[Stored data]
━━━━━━

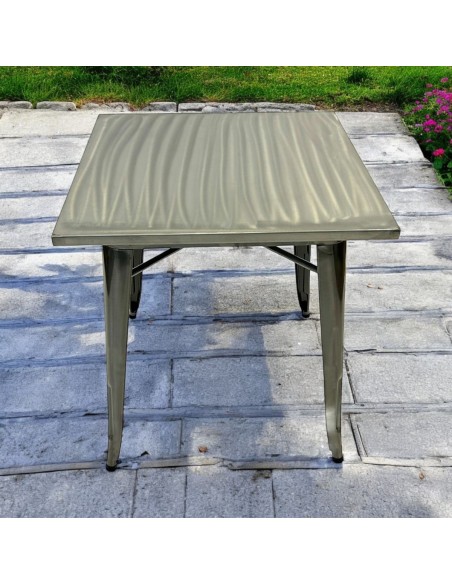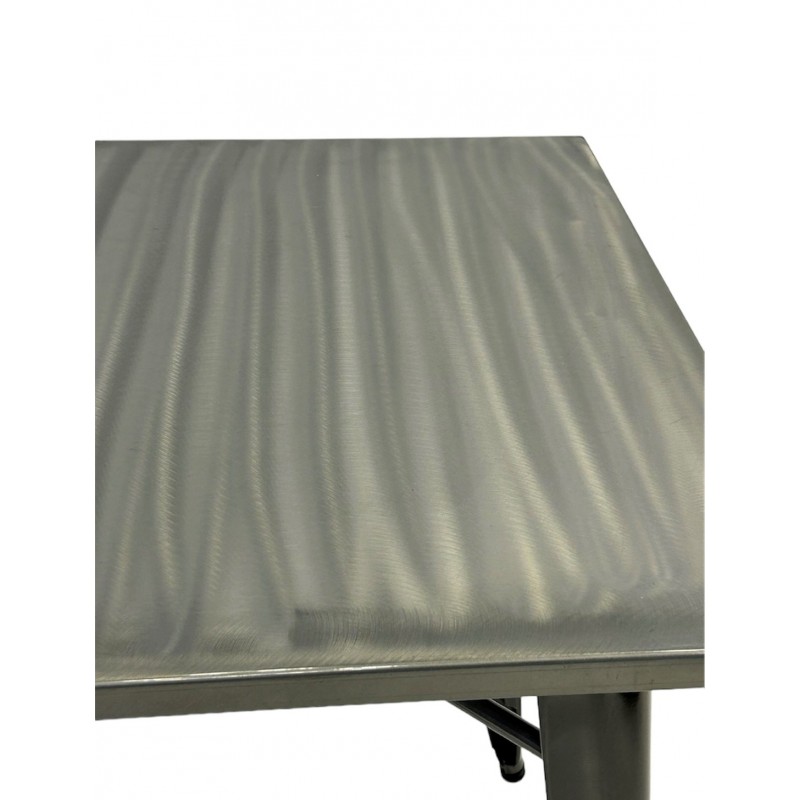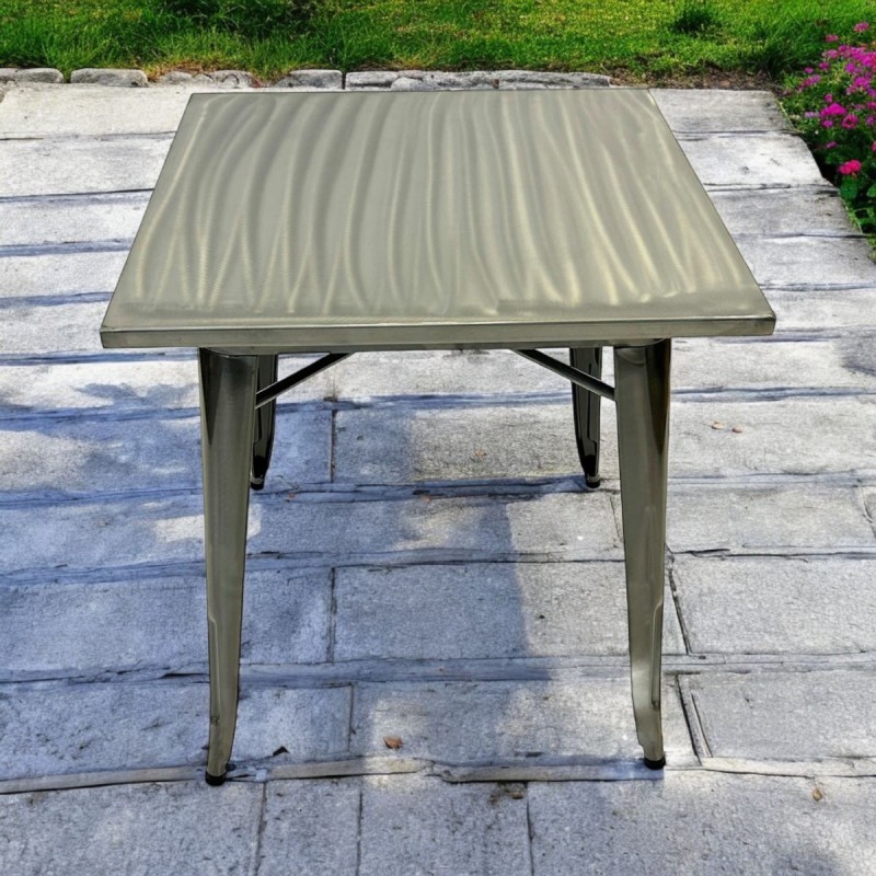 Their durability is a built-in feature with these tables and they are designed for heavy industrial use. At the same time, this furniture is lightweight making set up and tear down just as easy. These silver metal tolix tables are suitable for use for cafe’s and restaurants etc. They go well with our range of Tolix chairs and have plastic feet to prevent scratching the floor. These tables are 70 cm x 70 cm in size and stand 75 cm tall.
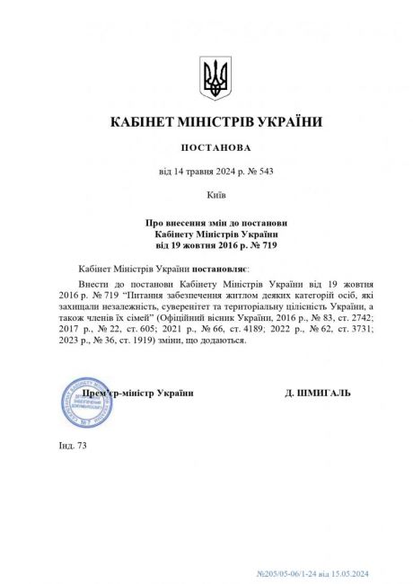 Кабінетом Міністрів України прийнято постанову від 14 травня 2024 року № 543 "Про внесення змін до постанови Кабінету Міністрів України від 19 жовтня 2016 р. № 719"
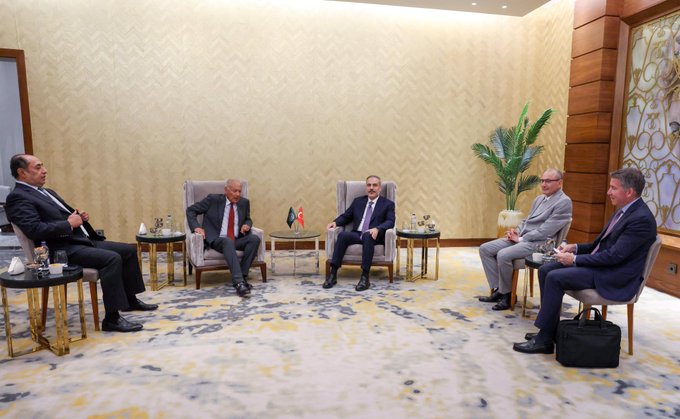 Arab League Secretary-General Ahmed Aboul Gheit met this evening in the city of Alamein with Turkish Foreign Minister Hakan Fidan.
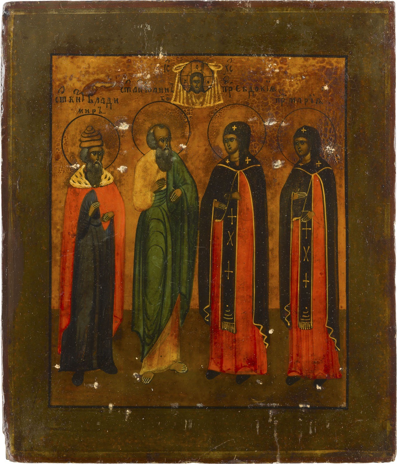 IKONE MIT DEN HEILIGEN WLADIMIR, JOHANNES DEM EVANGELISTEN, EUDOKIA UND MARIA MIT OKLAD
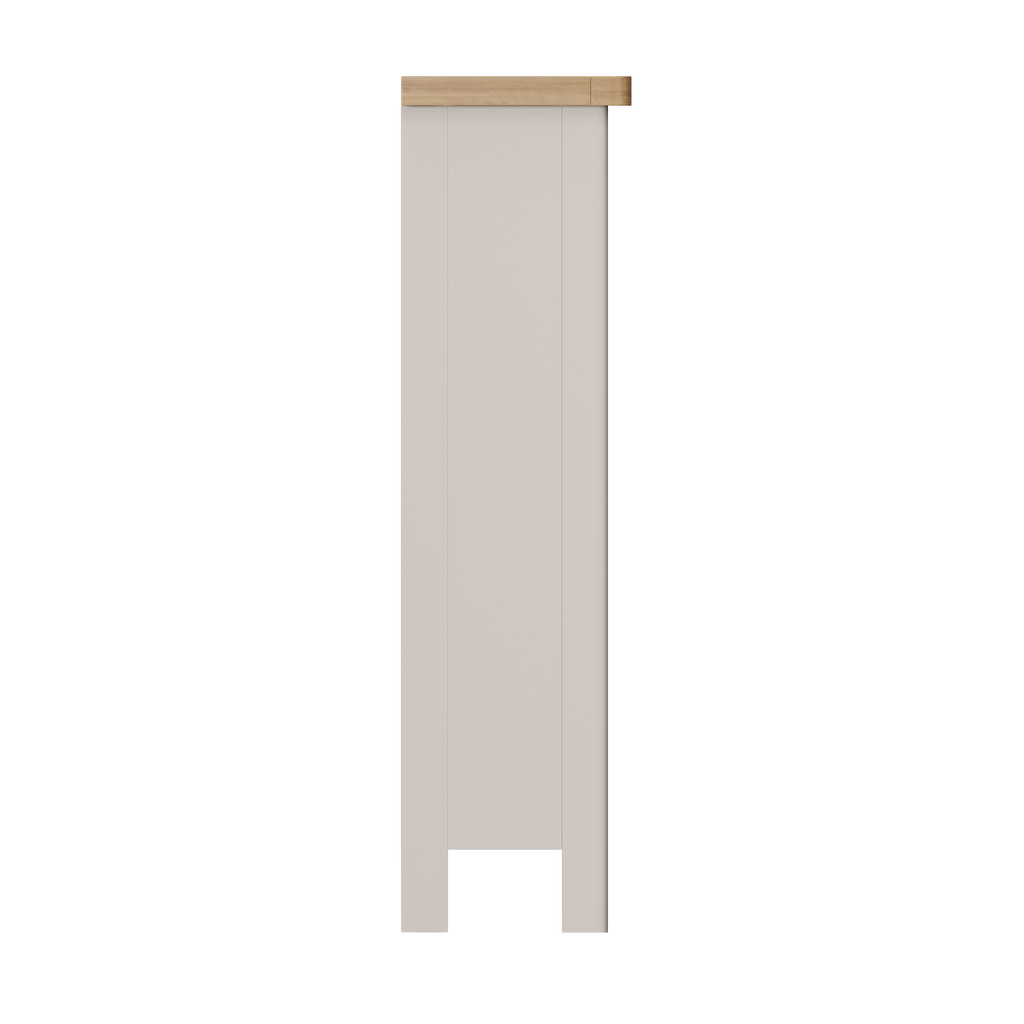 Made from Solid Oak and engineered oak panels, finished in a durable stunning Dove Grey Paint with a Oak Top that's finished in a natural lacquer.
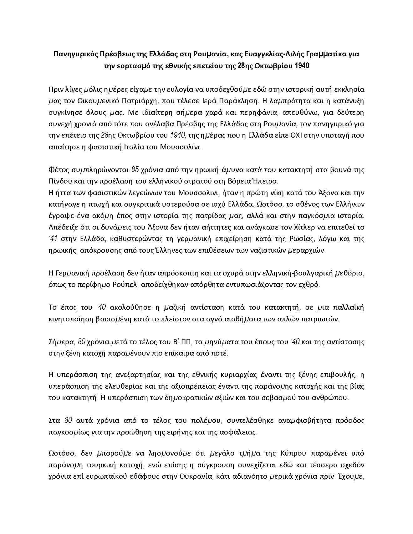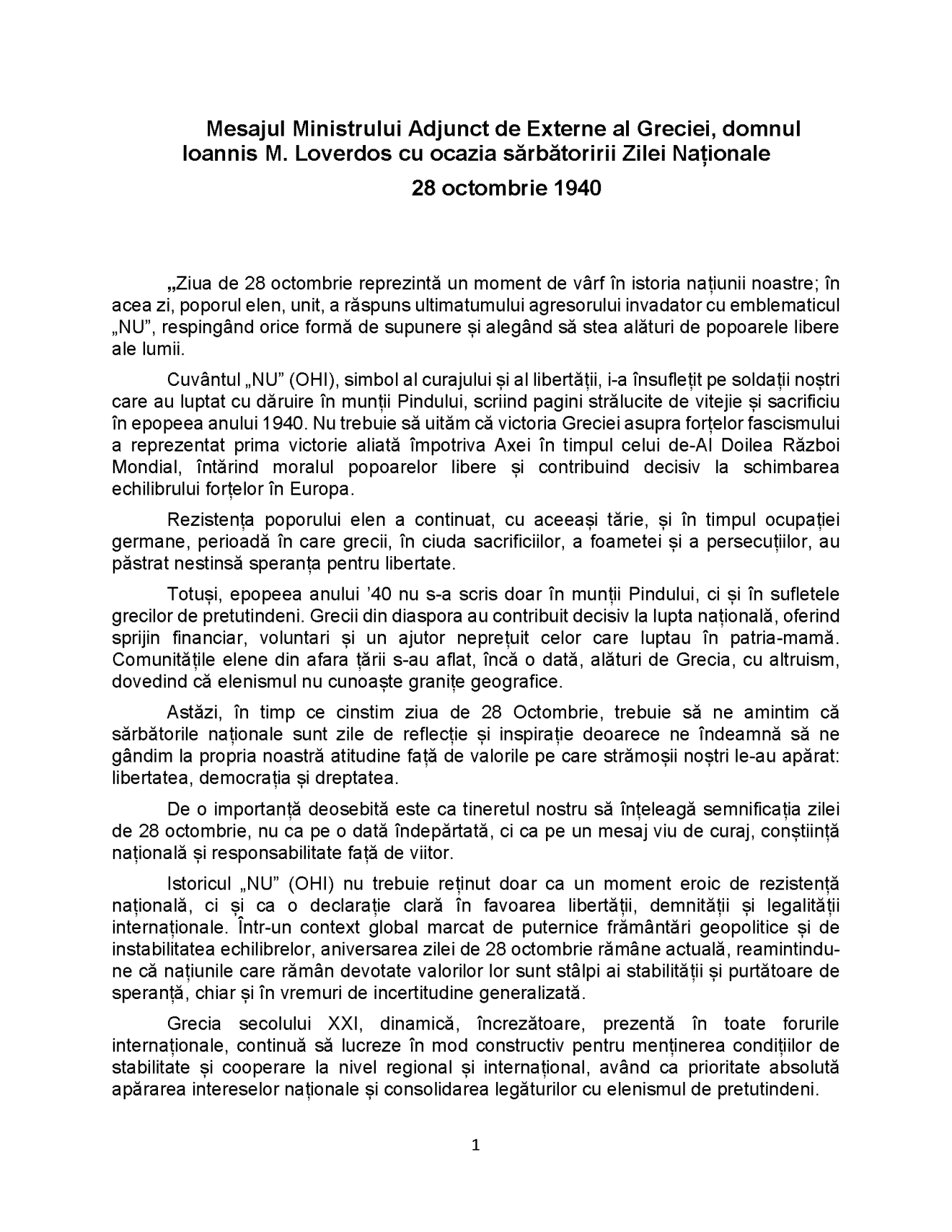 ZIUA MARELU NU – 28 OCTOMBRIE 1940
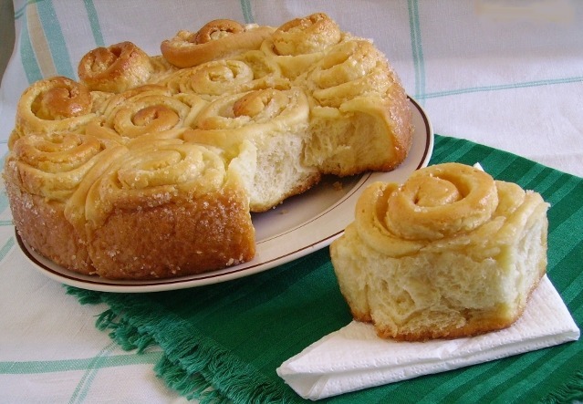 Cesto vyklopime, posypeme múkou, vyvaľkame a natreme krémom. Zrolujeme a režeme na približne 4cm rolky. Nádobu trocha natreme kremom a ukladame rolky, ktore môžme natrieť medzi sebou roztopeným maslom alebo olejom aby sa po dopečení ľahšie vyberali.
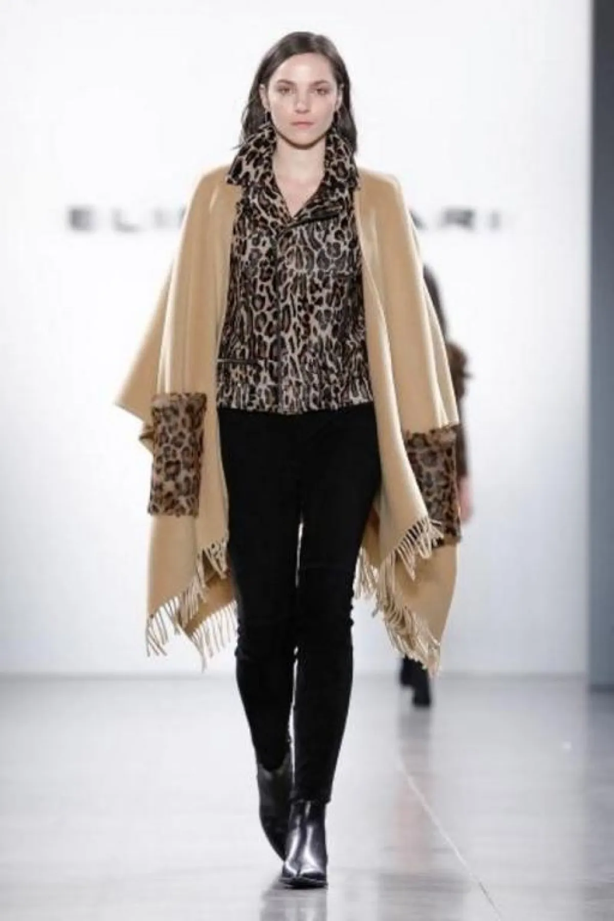 - تألقت عارضة إيلي تهاري Elie Tahari بسترة قصيرة بطبعة النمر وعلى طريقتها يمكنك تنسيقها مع كاب جملي فاتح وبنطال أسود.
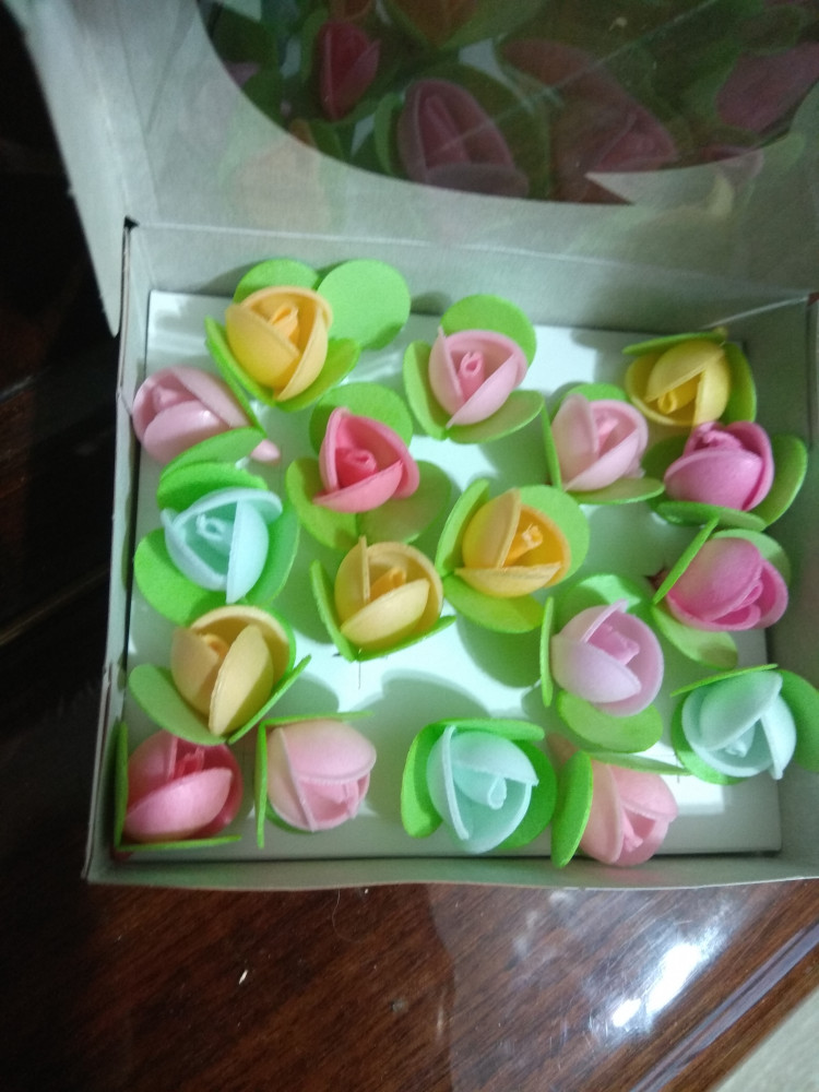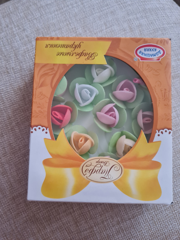 Пришли розочки (не ромашки как на фото) цвета пастельные, аккуратные небольшие, взяла для куличей. Все целое.
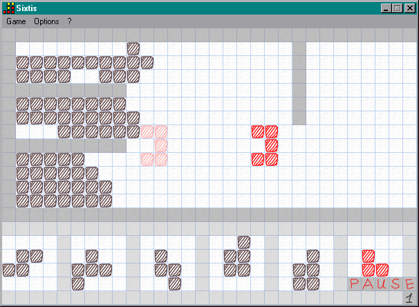 SIXTIS je varianta tetris, která nabízí různými módy. Lze nastavit směr gravitační síly, tzn. směr kde budou kostičky padat a jejich tvar. Můžete použít předdefinované nastavení nebo si zvolit vlastní. Hra nabízí několik úrovní.

━━━━━━

— Assigned task —
Above are records; repeat only the lines from the line with "Made from Solid" through the line with "Пришли розочки (не", and leave pictures out.

— The completed task —
 Made from Solid Oak and engineered oak panels, finished in a durable stunning Dove Grey Paint with a Oak Top that's finished in a natural lacquer.
 ZIUA MARELU NU – 28 OCTOMBRIE 1940
 Cesto vyklopime, posypeme múkou, vyvaľkame a natreme krémom. Zrolujeme a režeme na približne 4cm rolky. Nádobu trocha natreme kremom a ukladame rolky, ktore môžme natrieť medzi sebou roztopeným maslom alebo olejom aby sa po dopečení ľahšie vyberali.
 - تألقت عارضة إيلي تهاري Elie Tahari بسترة قصيرة بطبعة النمر وعلى طريقتها يمكنك تنسيقها مع كاب جملي فاتح وبنطال أسود.
 Пришли розочки (не ромашки как на фото) цвета пастельные, аккуратные небольшие, взяла для куличей. Все целое.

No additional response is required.